Blood circulation disorders include plethora (hyperemia) and anemia. Both conditions can be either venous or arterial, and each of them can be general or local (regional).

ARTERIAL HYPEREMIA

Arterial hyperemia is an increase in blood supply to organs and tissues as a result of an increase in the influx of arterial blood with its outflow unchanged. It is also possible to develop hyperemia with normal blood flow, but obstructed outflow. Arterial hyperemia can be physiological and pathological.

● Physiological arterial hyperemia develops locally, it can be working and reflex.

◊ Working (functional) hyperemia occurs with increased functional activity of an organ, tissue or system.

◊ Reflex hyperemia is manifested by redness of the facial skin when feeling anger or shame, or when exposed to physical and chemical factors (heat, cold, radiation).

● Pathological general arterial hyperemia develops with an increase in the volume of circulating blood (hypervolemia, plethora) or the number of red blood cells (erythrocytosis).

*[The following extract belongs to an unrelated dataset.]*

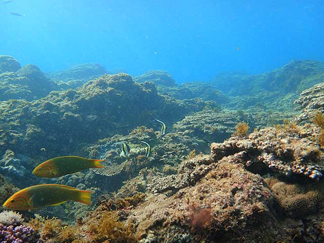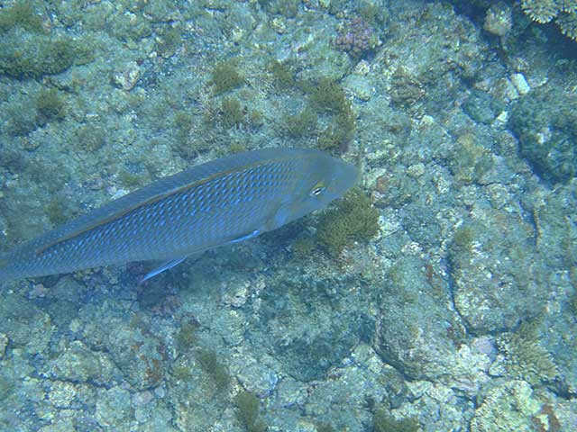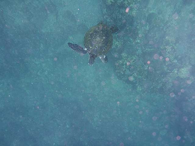 色とりどりの魚達や、ムロアジの群れに囲まれ、こちらもアオウミガメに出会えたり。そういや、手前の落ち込みの前くらいの浅いところにルリヤッコっぽいやつがチラッといたりもして。

● Pathological local arterial hyperemia is more common; its pathogenesis can be inflammatory, post-ischemic, discompression, angioneurotic, collateral, or shunting.

◊ Inflammatory hyperemia is one of the signs of inflammation.

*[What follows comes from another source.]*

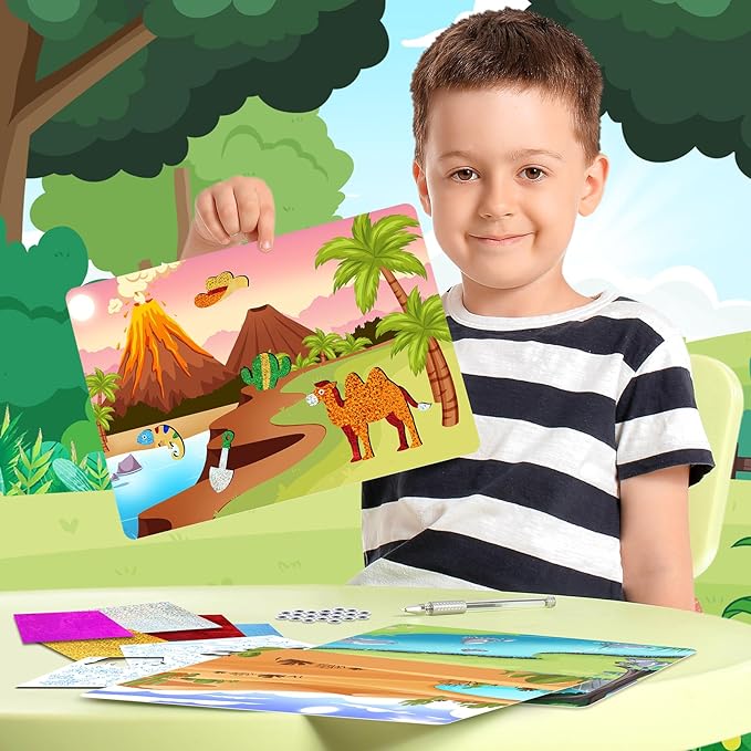 PERRYHOME Foil Arts and Crafts Kits-DIY No Mess Animal Fun Foil Paper Craft Kits,Non-Toxic Kids Car Airplane Travel Activities Toys,Gifts for 4 5 6 7 8 Year Old Girls Boys Toddler Children

◊ Post-ischemic hyperemia forms after elimination of the factor that caused compression of the artery (removal of a tourniquet, etc.), which leads to anemia (ischemia) of neighboring organs.

◊ Discompression or vacate hyperemia (from the Latin vacuus - empty) is caused by a drop in barometric pressure (when placing medical cups, rapid removal of fluid during ascites or hydrothorax). This hyperemia can be general - during decompression sickness, a rapid rise from the depth of a diver, after depressurization of airplanes, pressure chambers.

◊ Angioedema develops in the presence of myoparalytic, neuroparalytic or neurotonic factors in the main vessel.

◊ Collateral hyperemia occurs in anastomoses when blood outflow is obstructed.

◊ In the presence of an arteriovenous shunt, as a result of which arterial blood flows into the veins, for example, in case of wounds, patent ductus arteriosus, oval window in the heart.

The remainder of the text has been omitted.